- Stored data:
Start of Block

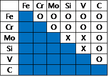 Cr < 30 | Mo < 10 | Si < 5 | V < 5 | C < 2
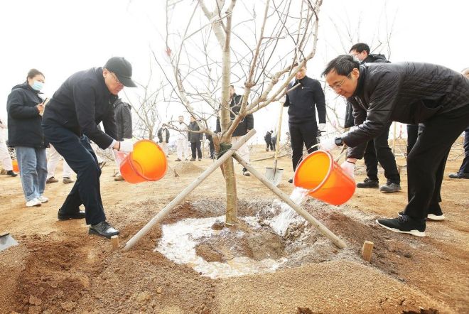春回大地萬物蘇,植樹添綠正當時。4月11日上午,鞍鋼集團黨委書記、董事長譚成旭,黨委常委、總會計師謝峰,黨委常委、副總經理徐世帥來到“雙鞍”共建綠色礦山複墾示範園植樹點,同幹部職工一起參加2023年鞍鋼集團總部春季義務植樹活動,種下片片綠色,共建美麗鞍鋼。
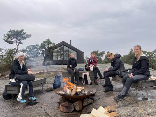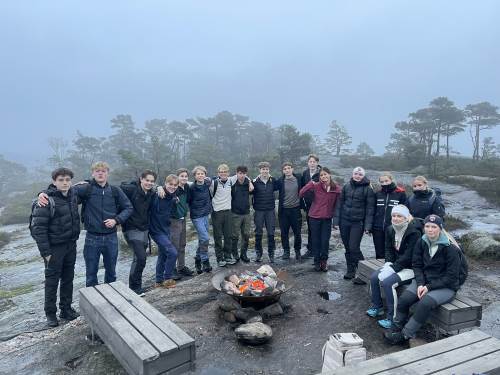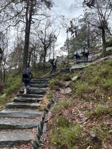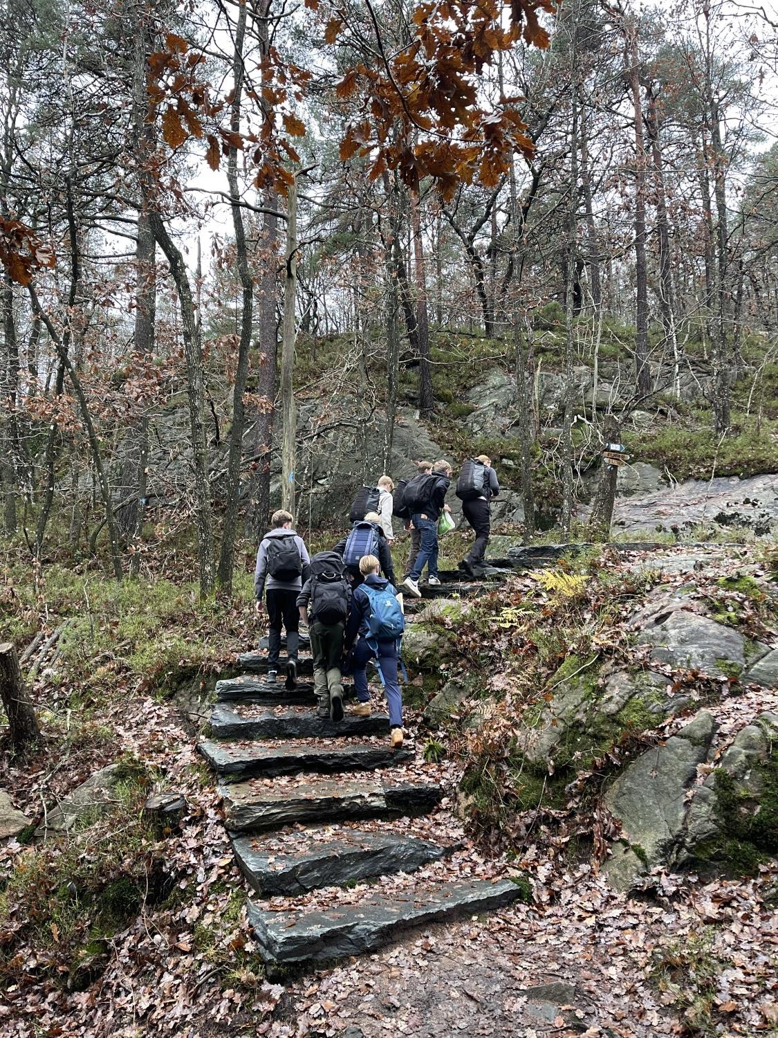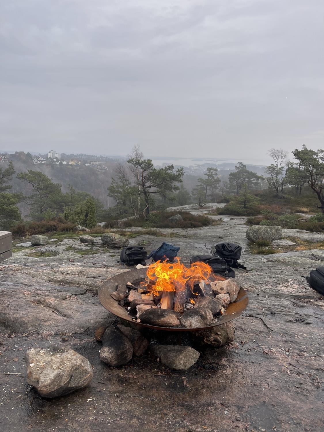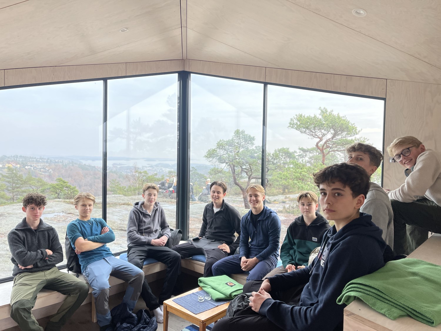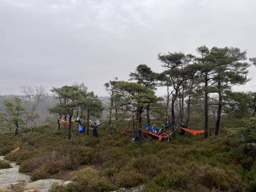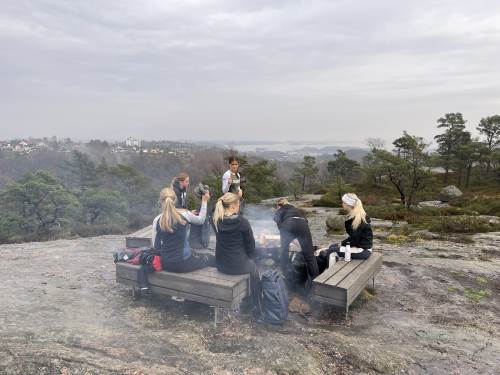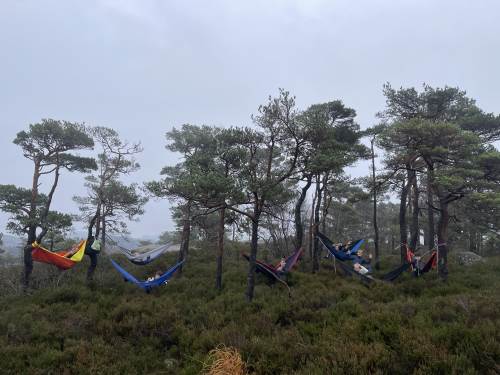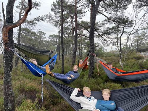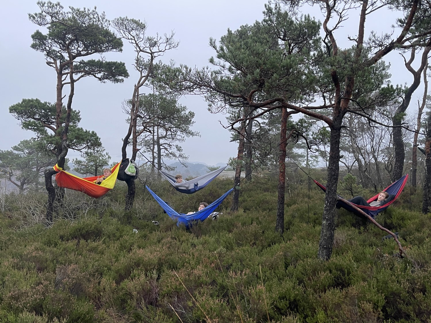 Torsdag 6. november dro friluftslivsgjengen fra 10. trinn med buss til Karuss i Vågsbygd. Derfra gikk vi i drivende tempo opp til dagsturhytta Øyliblikk som ligger ved Øylihei. Det var artig å gå de nye sherpatrappene som ble bygget i sommer. På toppen besøkte vi dagsturhytta og kjørte i gang et flott bål i bålpanna. Det ble pølser og marshmellows. Innimellom ble det tid til en liten strekk i hengekøyene.
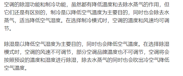最后我们再来说一说:空调的除湿功能和制冷功能有什么区别

End of Block

- What needs to be done:
Give back every line of the material above word for word, leaving out the pictures.

- Task result:
 Cr < 30 | Mo < 10 | Si < 5 | V < 5 | C < 2
春回大地萬物蘇,植樹添綠正當時。4月11日上午,鞍鋼集團黨委書記、董事長譚成旭,黨委常委、總會計師謝峰,黨委常委、副總經理徐世帥來到“雙鞍”共建綠色礦山複墾示範園植樹點,同幹部職工一起參加2023年鞍鋼集團總部春季義務植樹活動,種下片片綠色,共建美麗鞍鋼。
 Torsdag 6. november dro friluftslivsgjengen fra 10. trinn med buss til Karuss i Vågsbygd. Derfra gikk vi i drivende tempo opp til dagsturhytta Øyliblikk som ligger ved Øylihei. Det var artig å gå de nye sherpatrappene som ble bygget i sommer. På toppen besøkte vi dagsturhytta og kjørte i gang et flott bål i bålpanna. Det ble pølser og marshmellows. Innimellom ble det tid til en liten strekk i hengekøyene.
最后我们再来说一说:空调的除湿功能和制冷功能有什么区别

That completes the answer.